= Rui Reininho =

Portuguese singer

Rui Manuel Reininho Braga best known as Rui Reininho (born 28 February 1955) is a Portuguese singer. Since 1981, he has been the lead vocalist of Portuguese rock band GNR. As a singer-songwriter of numerous lyrics and songs, he is one of the most beloved, and often controversial, icons of the Portuguese rock scene. He was born in Porto, Portugal and studied at the Lisbon Theatre and Film School (Escola Superior de Teatro e Cinema).

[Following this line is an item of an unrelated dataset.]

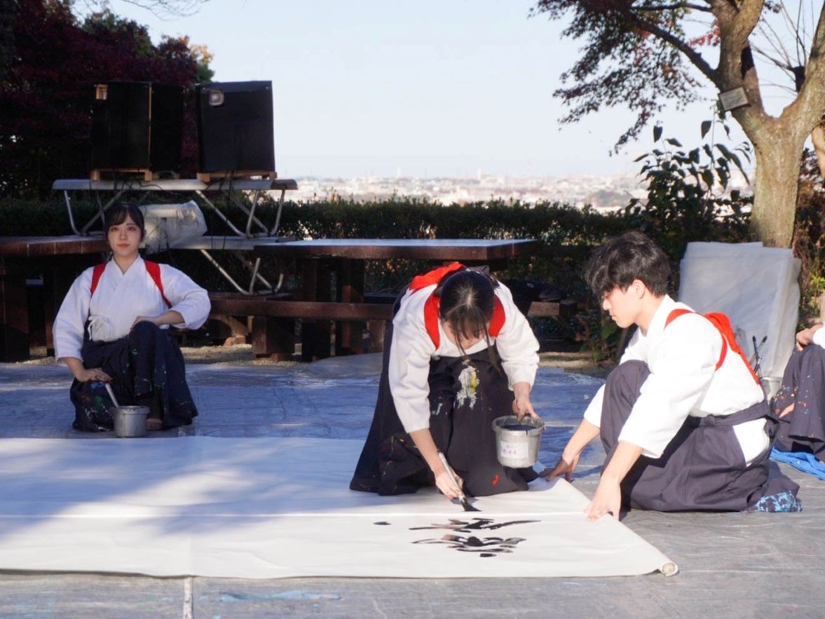 書道部が京王百草園の紅葉まつりで書道パフォーマンスを披露しました
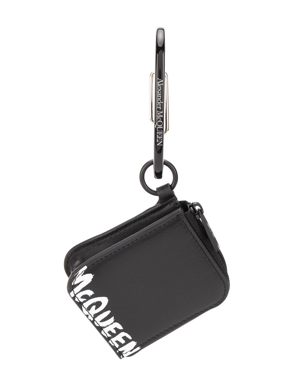 Some of the best things come in small sizes. Crafted in black leather, this keyring from Alexander McQueen sports a logo tiny zip pouch. Mini but with maximum impact. Featuring an all around zip fastening and a printed logo.

In 1977, Reininho, along with Jorge Lima Barreto, recorded his first LP as the band Anarband. By 1980, GNR started out playing at parochial parties for Carvalhido Church in Porto and other similar events in the area. Rui Reininho went to a concert of GNR in Pavilhão do Académico (a sports pavilion in Porto) to interview the band and eventually was invited to join the group. In 1981, Reininho recorded his first album with GNR and has remained with the band ever since.

Rui Reininho and GNR create concerts where irony, parody and provocation dominate. The band had great success in Portugal during the 1980s and early 1990s when they reached a peak of nearly 200 live performances by year. They stage – in a language often enriched by the Porto slang – the caricatured and stereotyped sides of the city's inhabitants.